Scientists from the Netherlands have tested whether a popular analytical technology can be calibrated without needing to go through the expense of running a bioreactor. The team, from Delft University of Technology (TU Delft), found that their technique for calibrating Raman spectroscopy using single compounds, such as glucose, to calibrate a model performed as well or better than data obtained from real processes.
According to Marieke Klijn, PhD, an assistant professor at TU Delft, the new research could help researchers to benefit from analytical technology earlier in process development.
“Our team noticed that [academic] papers written by companies or collaborators with industry had a wide range of data and personnel available,” she says. “When you have one person working alone on an experiment, they may not have the luxury of running a bioreactor but still want to benefit from rapid monitoring.”
The scientists performed several runs of batch and fed-batch processes in a bioreactor and compared them, notes Klijn.
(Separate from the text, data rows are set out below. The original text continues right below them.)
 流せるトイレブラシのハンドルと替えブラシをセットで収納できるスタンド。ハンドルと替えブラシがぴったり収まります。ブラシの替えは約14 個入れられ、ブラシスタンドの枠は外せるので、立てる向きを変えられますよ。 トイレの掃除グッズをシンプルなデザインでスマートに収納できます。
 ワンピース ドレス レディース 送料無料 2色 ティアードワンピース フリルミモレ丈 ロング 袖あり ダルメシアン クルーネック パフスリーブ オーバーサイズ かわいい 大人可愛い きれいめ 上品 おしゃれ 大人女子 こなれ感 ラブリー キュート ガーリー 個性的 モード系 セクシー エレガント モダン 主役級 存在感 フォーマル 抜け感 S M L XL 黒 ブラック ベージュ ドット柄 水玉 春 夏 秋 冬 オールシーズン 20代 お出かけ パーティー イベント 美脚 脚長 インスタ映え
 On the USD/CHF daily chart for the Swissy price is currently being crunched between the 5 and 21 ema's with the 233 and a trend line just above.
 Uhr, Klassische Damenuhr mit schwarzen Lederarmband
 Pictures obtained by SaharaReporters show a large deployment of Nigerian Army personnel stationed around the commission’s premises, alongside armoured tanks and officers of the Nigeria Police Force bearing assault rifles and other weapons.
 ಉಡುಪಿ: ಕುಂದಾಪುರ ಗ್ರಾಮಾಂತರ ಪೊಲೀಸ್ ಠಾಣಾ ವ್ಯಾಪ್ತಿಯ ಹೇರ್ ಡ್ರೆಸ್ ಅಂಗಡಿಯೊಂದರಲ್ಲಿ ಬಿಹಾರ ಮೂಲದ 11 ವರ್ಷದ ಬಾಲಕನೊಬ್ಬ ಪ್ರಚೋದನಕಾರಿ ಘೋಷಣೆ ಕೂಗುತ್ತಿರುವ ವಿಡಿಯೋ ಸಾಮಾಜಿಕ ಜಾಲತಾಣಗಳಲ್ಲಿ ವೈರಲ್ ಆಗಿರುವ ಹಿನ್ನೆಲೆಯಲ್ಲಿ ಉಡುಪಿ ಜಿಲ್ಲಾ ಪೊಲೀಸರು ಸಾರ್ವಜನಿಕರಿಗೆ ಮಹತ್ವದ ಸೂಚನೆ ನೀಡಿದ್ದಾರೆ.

They looked at sixteen single compound measurements mimicking yeast fermentation, five with different concentrations of glucose, five concentrations of ethanol, five concentrations of biomass checked for viability, plus a blank measurement using only medium.
The researchers found that although calibrating with the results of single compounds increased the computational effort for creating the model, it successfully reduced the number of experiments needed.
The team now hopes to expand their investigations into the production of synthetic data. They plan to look at different single compounds, and whether measurements need to be redone if a process is run in different media or transferred to a different cell line.
The investigators also hope to look at calibrating Raman spectroscopy for analyzing animal cell culture.
“What’s important is this isn’t just an academic endeavor,” says Klijn. “Benefitting from analytical technology is relevant to smaller companies and developing processes at an early stage.”